Hi @erikschlegel, thanks! Could you please help bootstrap agic first and then configure the key-vault ssl-certificate to appgw to use the new annotation? I am guessing if the issue is caused by the reconciler.

[erikschlegel]

Hi @erikschlegel, thanks! Could you please help bootstrap agic first and then configure the key-vault ssl-certificate to appgw to use the new annotation? I am guessing if the issue is caused by the reconciler.

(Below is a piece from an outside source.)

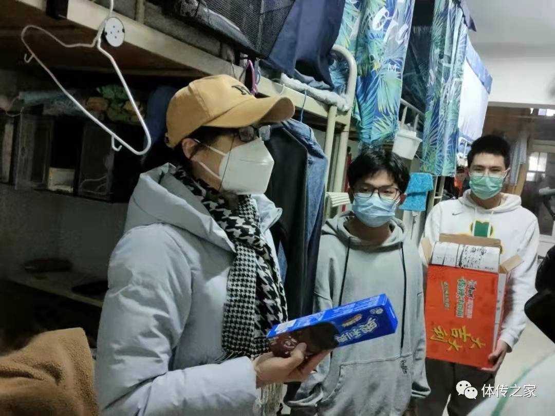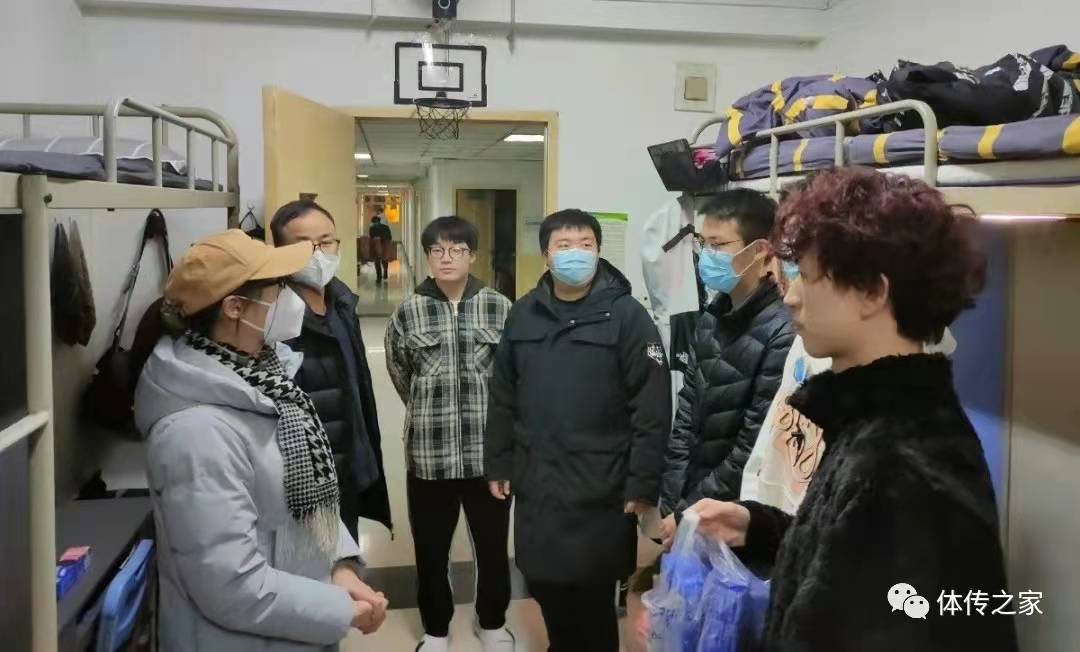 2021年12月31日晚,体育新闻与传媒学院党委书记杨亚玲与辅导员郭维刚、邱莹、文玥、辛奇深入学生公寓走访慰问,杨亚玲书记向同学们送去了慰问礼品,希望同学们团结一心,共克时艰,在新的一年里,身体健康,学业进步!

I ran into issues as my Terraform deployment(which generates the KV SSL cert) overwrites the K8-specific app-gw routes.

[3quanfeng]

Hi @erikschlegel , btw, make sure you use "--version 1.2.0-rc1" when installing with the helm, helm install by default installs only the latest release version, e.g. helm install -f helm-config.yaml application-gateway-kubernetes-ingress/ingress-azure --version 1.2.0-rc1 --generate-name

[erikschlegel]

Thanks for the feedback. Confirmed this issue is resolved when pointing my helm version to 1.2.0-rc1 thanks for the help @3quanfeng

[sudhakar890]

I'm using AGIC version 1.2.0-rc3 and application gateway ssl certificates are getting removed by AGIC.

[akshaysngupta]

@sudhakar It could be that you have two AGIC deployments in your cluster targeting the same Application Gateway. Can you check if that's that case ? You can use helm list to see your current deployments.